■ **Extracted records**

........

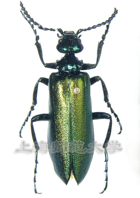 绿芫青体长12~21mm。全身绿色有金属光泽,成虫取食豆科植物。
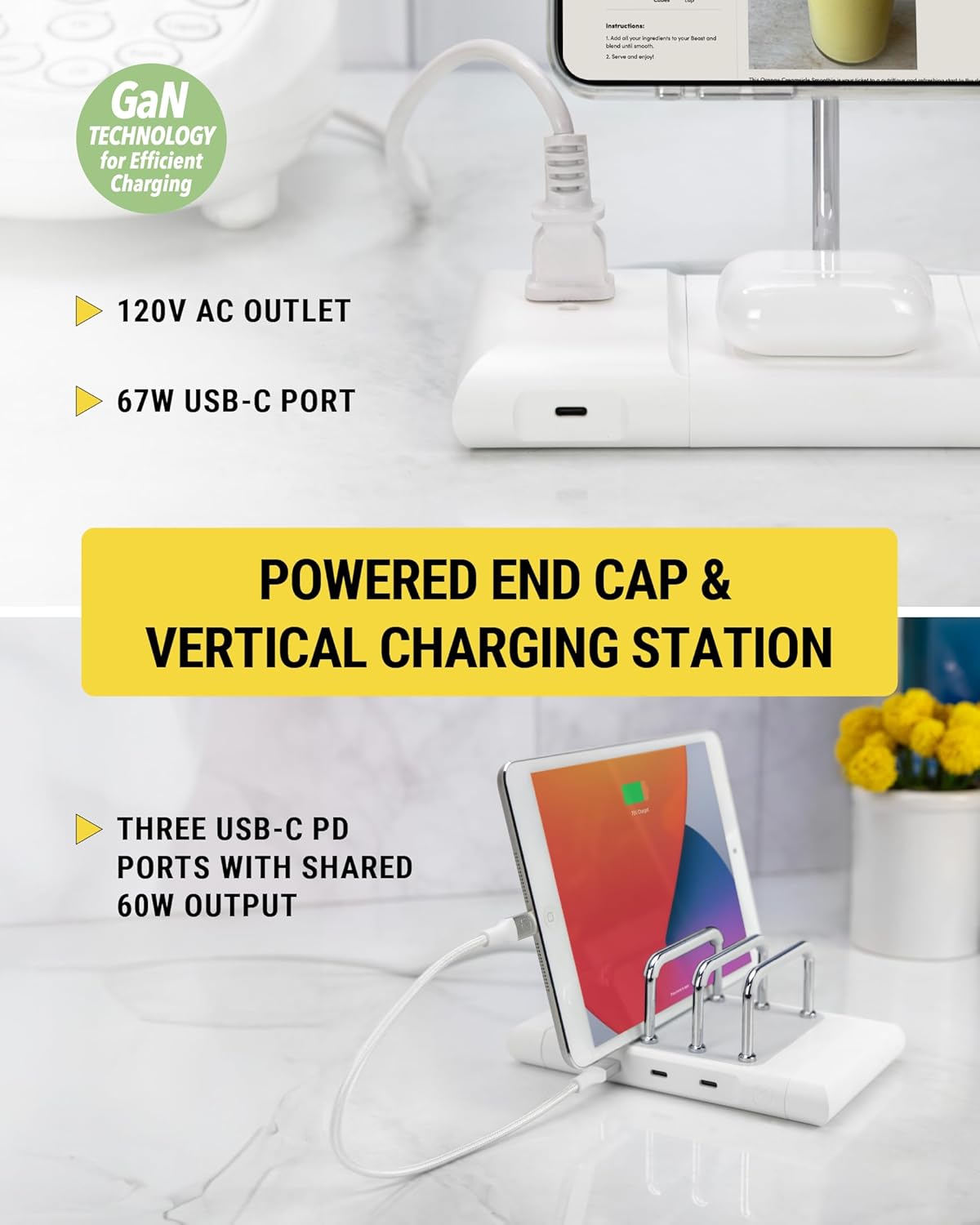- Multi-Device Charging Station: The BaseLynx 2.0 Vert, with three USB-C PD charger ports and 60W total output, uses power-sharing technology to optimally charge your Apple iPhone, iPad, Galaxy, and other Type-C Android devices simultaneously. It intelligently adjusts charging speeds to ensure each device is powered safely and efficiently
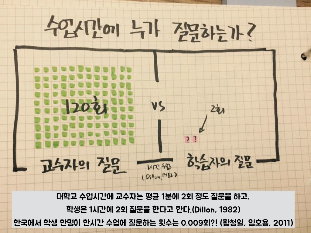 얼마전 대학 수업에서의 학습자와 교수자들의 질문 빈도를 조사한 황청일과 임호영의 연구를 흥미롭게 읽었다. Dillon의 연구(1982)에 따르면 미국의 대학에선 교수자가 1시간에 120회 질문하는 동안 학습자는 평균 2번 질문을 한다고 한다. 교수자는 학생들이 답하든, 답하지 않든 교육효과를 높이기 위해서 끊임없는 질문으로 학생들을 자극한다. 그런데 정작 배움을 얻어야 하는 학생들의 질문 빈도는 너무 적은게 아닐까?
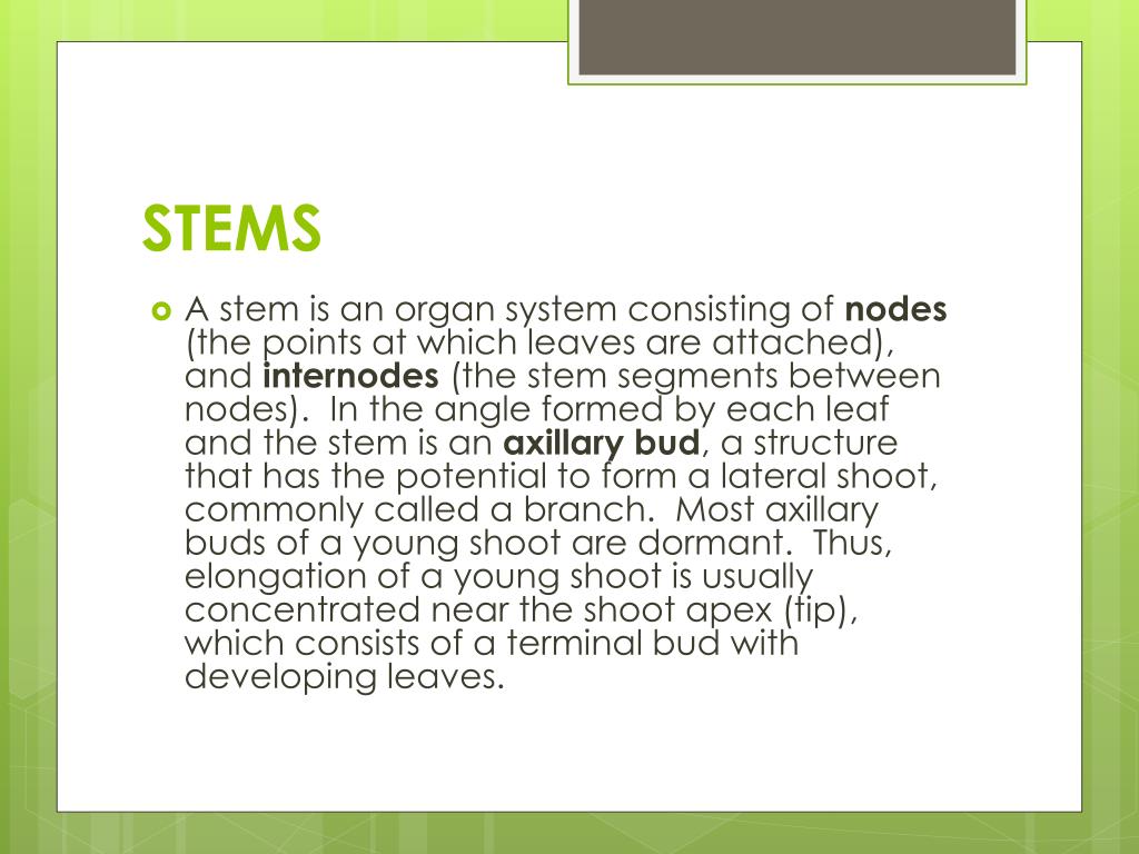 STEMS • A stem is an organ system consisting of nodes (the points at which leaves are attached), and internodes (the stem segments between nodes). In the angle formed by each leaf and the stem is an axillary bud, a structure that has the potential to form a lateral shoot, commonly called a branch. Most axillary buds of a young shoot are dormant. Thus, elongation of a young shoot is usually concentrated near the shoot apex (tip), which consists of a terminal bud with developing leaves.
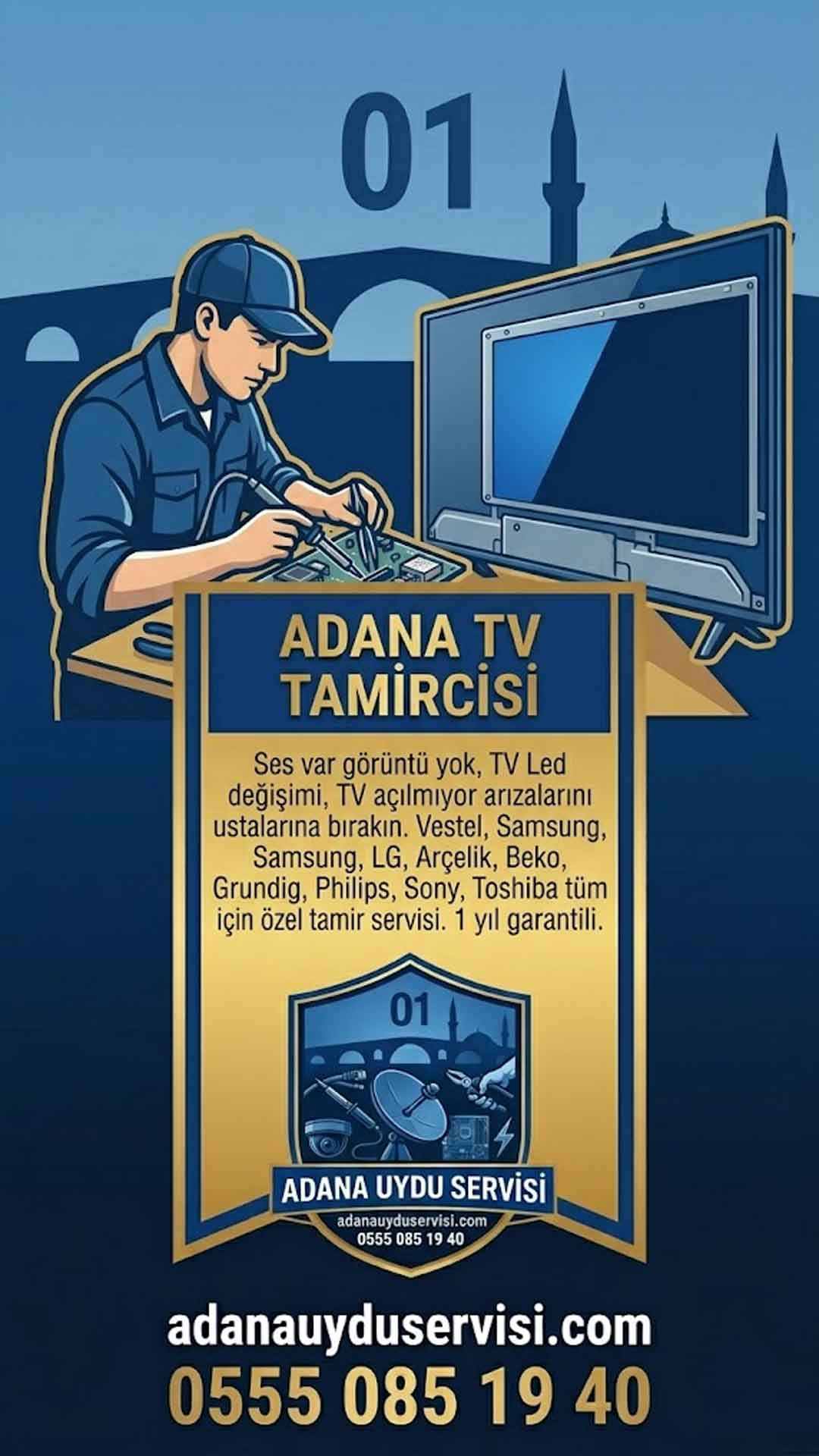 Televizyonunuzda ses var ama görüntü yok mu? TV ekranı karardı mı veya cihazınız hiç mi açılmıyor? Bu tür arızaları işin ustalarına bırakın! Adana’da Vestel, Samsung, LG, Arçelik, Beko, Grundig, Philips, Sony, Toshiba gibi tüm lider markalar için özel tamir servisi hizmeti sunuyoruz. Yapılan tüm işlemler ve parça değişimleri 1 yıl garantilidir.

........

■ **DIRECTIONS FOR THIS TASK**
Retype each line of the data exactly, beginning with the first; include the line containing "STEMS • A stem" and stop there, skipping every picture.

■ **ANSWER TO THIS EXERCISE**
 绿芫青体长12~21mm。全身绿色有金属光泽,成虫取食豆科植物。
- Multi-Device Charging Station: The BaseLynx 2.0 Vert, with three USB-C PD charger ports and 60W total output, uses power-sharing technology to optimally charge your Apple iPhone, iPad, Galaxy, and other Type-C Android devices simultaneously. It intelligently adjusts charging speeds to ensure each device is powered safely and efficiently
 얼마전 대학 수업에서의 학습자와 교수자들의 질문 빈도를 조사한 황청일과 임호영의 연구를 흥미롭게 읽었다. Dillon의 연구(1982)에 따르면 미국의 대학에선 교수자가 1시간에 120회 질문하는 동안 학습자는 평균 2번 질문을 한다고 한다. 교수자는 학생들이 답하든, 답하지 않든 교육효과를 높이기 위해서 끊임없는 질문으로 학생들을 자극한다. 그런데 정작 배움을 얻어야 하는 학생들의 질문 빈도는 너무 적은게 아닐까?
 STEMS • A stem is an organ system consisting of nodes (the points at which leaves are attached), and internodes (the stem segments between nodes). In the angle formed by each leaf and the stem is an axillary bud, a structure that has the potential to form a lateral shoot, commonly called a branch. Most axillary buds of a young shoot are dormant. Thus, elongation of a young shoot is usually concentrated near the shoot apex (tip), which consists of a terminal bud with developing leaves.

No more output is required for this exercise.